[Recorded data]
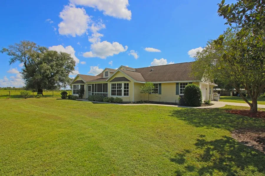 Welcome to the country with 10+/- Acres of beautiful land! Everything you need is here, from the lovely, updated concrete block w/vinyl siding, to a horse barn/with tack room, to a large 40X50 metal barn (2020). The barn, has a car lift that will be left and you can store a Class A RV easily, as well as other toys. There is an additional pad for a generator. The property is fenced and cross fenced. There is a 2 stall horse barn with a tack room with additional parking. The property is secured with an electric elegant gate. There is a large custom built chicken coop so you can raise your own chickens and have plenty of eggs. There is all new vinyl wood plank flooring throughout. The Master Bedroom has a large walk-in closet. The lovely barn door gives privacy to the update master bathroom which has a beautiful claw foot tub. In the water closet room there is a cedar closet for storage. The kitchen is updated with lovely oak cabinets, the stove, Microwave and Built in oven have been upgraded to convection cooking. The range has a air fryer function. The dishwasher is raised to give ease for loading and unloading. There is also a built-in additional oven. The breakfast area allows you to have your morning coffee while gazing out the windows to the beautiful property with fruit trees, oranges, tangelos, pear, olive tree, Guava trees and coffee bean tree. All the TV's, the Bose sound systems, entertainment center, electric "faux" fireplace all convey with sale.
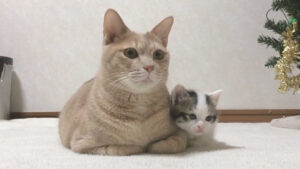 いつもおとな猫のそばにくっついている子猫豆大福が可愛い
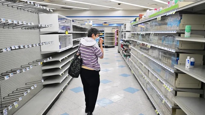 Vị khách xem qua những mặt hàng còn sót lại trên các kệ trống tại cửa hàng Rite Aid ở Alhambra, California, ngày 18/10/2023. Ảnh: CNN
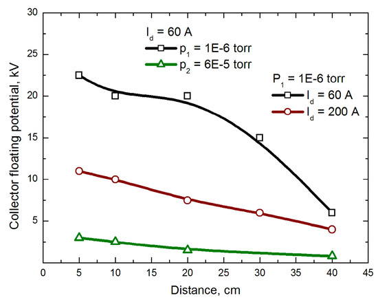 The reason for the decrease in the floating potential of an insulated collector (Figure 10) when it is removed from the ion source was as follows. When the insulated collector was reached by the ion flux at the front of the ion current pulse, it was charged to a sufficiently high positive potential. The subsequent spatiotemporal group of ions in the pulse experienced the decelerating effect of the field of a similarly charged collector. The slowed ions were reflected by the electric field of the beam toward the walls of the vacuum chamber, where they arrived with an energy sufficient to initiate ion–electron emission. These secondary electrons, according to the scenario described above, were accelerated toward the ion beam and the charged collector. Thus, partial compensation of the charge brought about by the accelerated ions took place. When the collector moved away from the ion source, there was an increase in the surface area of the cylindrical wall of the vacuum chamber (Figure 2), which surrounded the space of the ion beam between the ion source and the collector. The consequence of this was an increase in the flux of secondary electrons, contributing to an even greater neutralization of the space charge of the beam and the charge of the collector. An increase in the pressure in the region of beam transport led to a decrease in the collector potential to a level of 10% of that of the accelerating voltage. In this case, the accelerated metal ions collided with argon atoms and experienced the processes of recharging and deceleration. In this way, pairs were generated—fast neutral atoms and slow ions—which were accelerated by the space charge field of the ion beam toward the wall of the vacuum chamber, from which electrons were knocked out. These electrons filled the ion beam drift space and compensated for the collector charge. The fact that the ion recharging took place in a fairly extended volume and not only in the region of a charged collector led to the generation of a larger flux of reflected ions and, consequently, a larger flux of compensating electrons. Therefore, for example, when the pressure was increased to 4·× 10−4 Torr, the insulated collector was charged at the front of the beam current pulse to a potential of no more than 150 V at an accelerating voltage of 30 kV, which dropped during the pulse duration to a level of 10 V (Figure 6b).
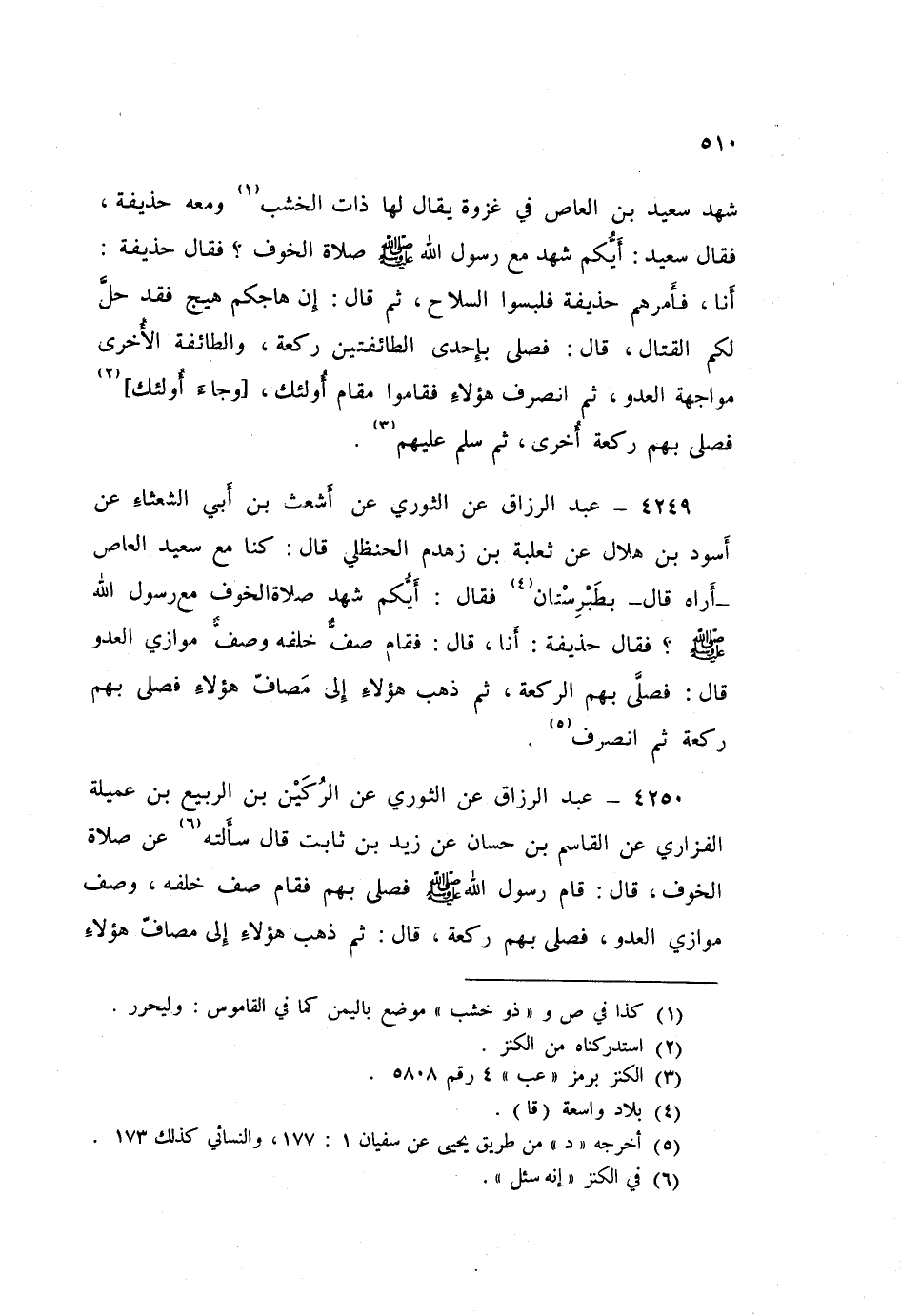 ٤٢٥٠ - عَنِ الثَّوْرِيِّ، عَنِ الرُّكَيْنِ بْنِ الرَّبِيعِ بْنِ عُمَيْلَةَ الْفَزَارِيِّ، عَنِ الْقَاسِمِ بْنِ حَسَّانَ، عَنْ زَيْدِ بْنِ ثَابِتٍ قَالَ: سَأَلْتُهُ عَنْ صَلَاةِ الْخَوْفِ قَالَ: «قَامَ رَسُولُ اللَّهِ صَلَّى اللهُ عَلَيْهِ وَسَلَّمَ فَصَلَّى بِهِمْ، فَقَامَ صَفٌّ خَلْفَهُ وَصَفٌّ مُوَازِيَ الْعَدُوِّ، فَصَلَّى بِهِمْ رَكْعَةً» قَالَ: «ثُمَّ ذَهَبَ هَؤُلَاءِ إِلَى مَصَافِّ هَؤُلَاءِ، وَجَاءَ هَؤُلَاءِ فَصَلَّى بِهِمْ رَكْعَةً، ثُمَّ انْصَرَفَ»
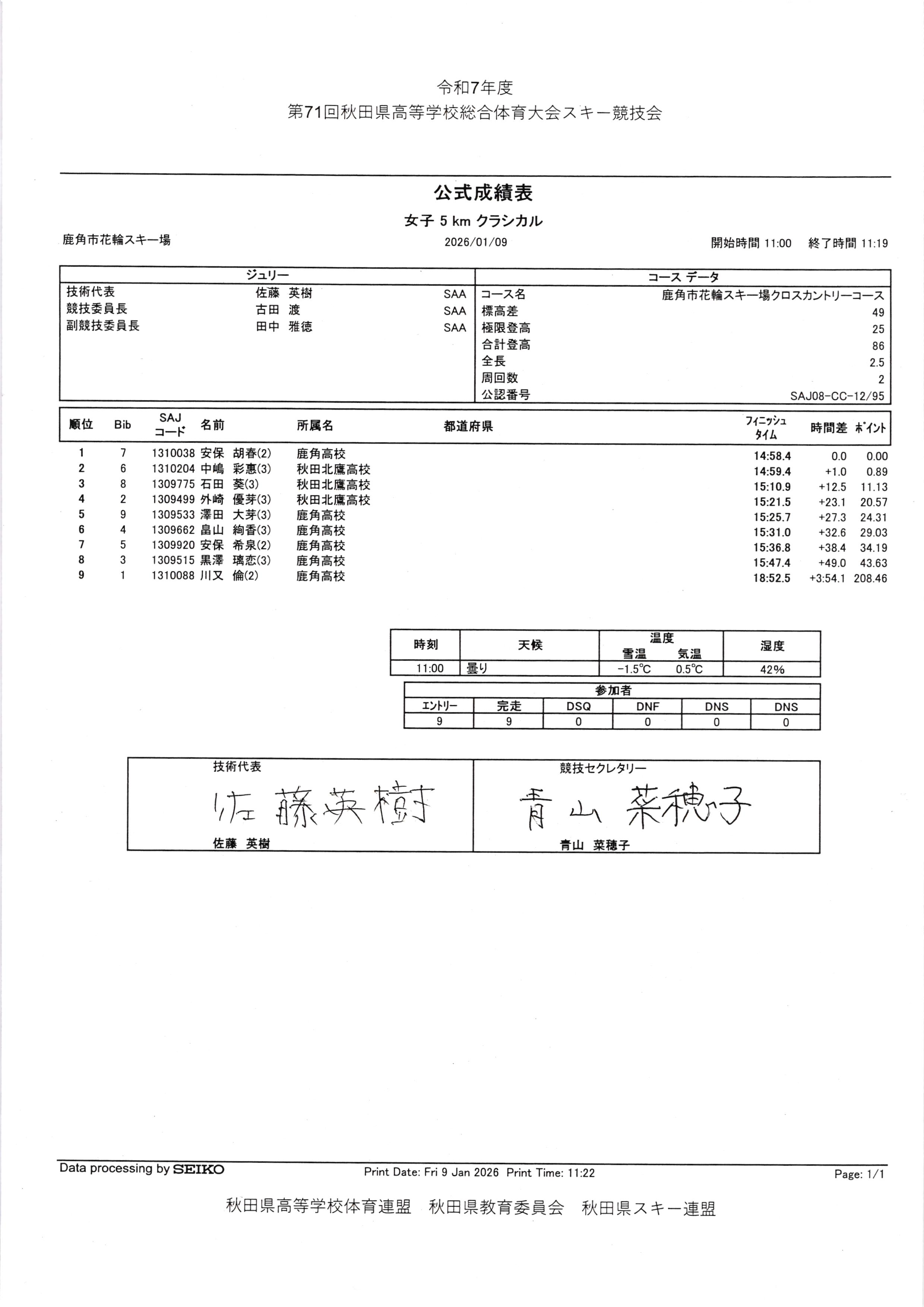 第71回秋田県高校総体スキー競技大会 女子クラシカル 男子クラシカル 日程(PDF) |
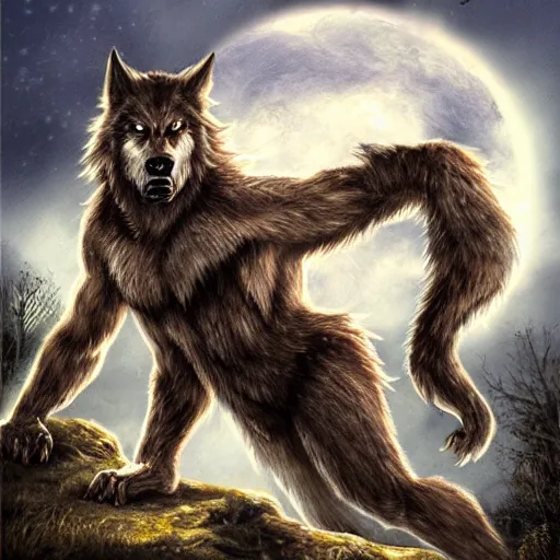 Prompt: werewolf, dramatic pose, full moon background, dramatic lighting, photorealistic uhd 8 k, award - winning videogame promotional art
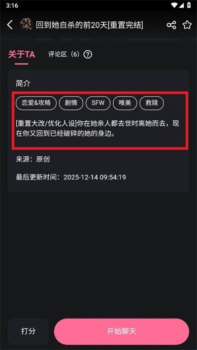 2.向下滑动页面,即可查看该角色的简介和标签信息。
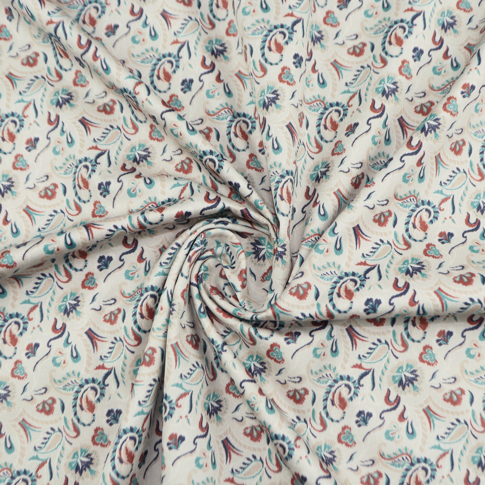 This premium digital satin fabric features an elegant all-over paisley floral composition with flowing vines, delicate botanicals, and softly curved motifs. The design balances traditional ornamentation with a refined, contemporary rhythm, creating a timeless pattern that feels graceful and wearable. Its seamless repeat and fluid detailing give the fabric a classic yet versatile appeal, ideal for elevated everyday and occasion wear.
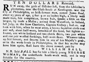 The Slavery Adverts 250 Project chronicles the role of newspaper advertising in perpetuating slavery in the era of the American Revolution. The project seeks to reveal the ubiquity of slavery in eighteenth-century life from New England to Georgia by republishing advertisements about enslaved people – for sale as individuals or in groups, wanted to purchase or for hire for short periods, runaways who liberated themselves, and those who were subsequently captured and confined in jails and workhouses – in daily digests on this site as well as in real time via the @SlaveAdverts250 Twitter feed, utilizing twenty-first-century media to stand in for the print media of the eighteenth century.
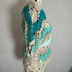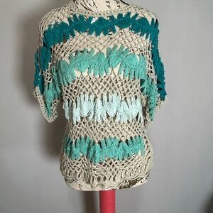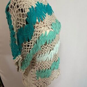 Elegant crochet top with teal and cream design. Ideal for layering. Medium

## Task goal
Reproduce every record exactly; images stay out.

## Answer to the problem
 Welcome to the country with 10+/- Acres of beautiful land! Everything you need is here, from the lovely, updated concrete block w/vinyl siding, to a horse barn/with tack room, to a large 40X50 metal barn (2020). The barn, has a car lift that will be left and you can store a Class A RV easily, as well as other toys. There is an additional pad for a generator. The property is fenced and cross fenced. There is a 2 stall horse barn with a tack room with additional parking. The property is secured with an electric elegant gate. There is a large custom built chicken coop so you can raise your own chickens and have plenty of eggs. There is all new vinyl wood plank flooring throughout. The Master Bedroom has a large walk-in closet. The lovely barn door gives privacy to the update master bathroom which has a beautiful claw foot tub. In the water closet room there is a cedar closet for storage. The kitchen is updated with lovely oak cabinets, the stove, Microwave and Built in oven have been upgraded to convection cooking. The range has a air fryer function. The dishwasher is raised to give ease for loading and unloading. There is also a built-in additional oven. The breakfast area allows you to have your morning coffee while gazing out the windows to the beautiful property with fruit trees, oranges, tangelos, pear, olive tree, Guava trees and coffee bean tree. All the TV's, the Bose sound systems, entertainment center, electric "faux" fireplace all convey with sale.
 いつもおとな猫のそばにくっついている子猫豆大福が可愛い
 Vị khách xem qua những mặt hàng còn sót lại trên các kệ trống tại cửa hàng Rite Aid ở Alhambra, California, ngày 18/10/2023. Ảnh: CNN
 The reason for the decrease in the floating potential of an insulated collector (Figure 10) when it is removed from the ion source was as follows. When the insulated collector was reached by the ion flux at the front of the ion current pulse, it was charged to a sufficiently high positive potential. The subsequent spatiotemporal group of ions in the pulse experienced the decelerating effect of the field of a similarly charged collector. The slowed ions were reflected by the electric field of the beam toward the walls of the vacuum chamber, where they arrived with an energy sufficient to initiate ion–electron emission. These secondary electrons, according to the scenario described above, were accelerated toward the ion beam and the charged collector. Thus, partial compensation of the charge brought about by the accelerated ions took place. When the collector moved away from the ion source, there was an increase in the surface area of the cylindrical wall of the vacuum chamber (Figure 2), which surrounded the space of the ion beam between the ion source and the collector. The consequence of this was an increase in the flux of secondary electrons, contributing to an even greater neutralization of the space charge of the beam and the charge of the collector. An increase in the pressure in the region of beam transport led to a decrease in the collector potential to a level of 10% of that of the accelerating voltage. In this case, the accelerated metal ions collided with argon atoms and experienced the processes of recharging and deceleration. In this way, pairs were generated—fast neutral atoms and slow ions—which were accelerated by the space charge field of the ion beam toward the wall of the vacuum chamber, from which electrons were knocked out. These electrons filled the ion beam drift space and compensated for the collector charge. The fact that the ion recharging took place in a fairly extended volume and not only in the region of a charged collector led to the generation of a larger flux of reflected ions and, consequently, a larger flux of compensating electrons. Therefore, for example, when the pressure was increased to 4·× 10−4 Torr, the insulated collector was charged at the front of the beam current pulse to a potential of no more than 150 V at an accelerating voltage of 30 kV, which dropped during the pulse duration to a level of 10 V (Figure 6b).
 ٤٢٥٠ - عَنِ الثَّوْرِيِّ، عَنِ الرُّكَيْنِ بْنِ الرَّبِيعِ بْنِ عُمَيْلَةَ الْفَزَارِيِّ، عَنِ الْقَاسِمِ بْنِ حَسَّانَ، عَنْ زَيْدِ بْنِ ثَابِتٍ قَالَ: سَأَلْتُهُ عَنْ صَلَاةِ الْخَوْفِ قَالَ: «قَامَ رَسُولُ اللَّهِ صَلَّى اللهُ عَلَيْهِ وَسَلَّمَ فَصَلَّى بِهِمْ، فَقَامَ صَفٌّ خَلْفَهُ وَصَفٌّ مُوَازِيَ الْعَدُوِّ، فَصَلَّى بِهِمْ رَكْعَةً» قَالَ: «ثُمَّ ذَهَبَ هَؤُلَاءِ إِلَى مَصَافِّ هَؤُلَاءِ، وَجَاءَ هَؤُلَاءِ فَصَلَّى بِهِمْ رَكْعَةً، ثُمَّ انْصَرَفَ»
 第71回秋田県高校総体スキー競技大会 女子クラシカル 男子クラシカル 日程(PDF) |
 Prompt: werewolf, dramatic pose, full moon background, dramatic lighting, photorealistic uhd 8 k, award - winning videogame promotional art
 2.向下滑动页面,即可查看该角色的简介和标签信息。
 This premium digital satin fabric features an elegant all-over paisley floral composition with flowing vines, delicate botanicals, and softly curved motifs. The design balances traditional ornamentation with a refined, contemporary rhythm, creating a timeless pattern that feels graceful and wearable. Its seamless repeat and fluid detailing give the fabric a classic yet versatile appeal, ideal for elevated everyday and occasion wear.
 The Slavery Adverts 250 Project chronicles the role of newspaper advertising in perpetuating slavery in the era of the American Revolution. The project seeks to reveal the ubiquity of slavery in eighteenth-century life from New England to Georgia by republishing advertisements about enslaved people – for sale as individuals or in groups, wanted to purchase or for hire for short periods, runaways who liberated themselves, and those who were subsequently captured and confined in jails and workhouses – in daily digests on this site as well as in real time via the @SlaveAdverts250 Twitter feed, utilizing twenty-first-century media to stand in for the print media of the eighteenth century.
 Elegant crochet top with teal and cream design. Ideal for layering. Medium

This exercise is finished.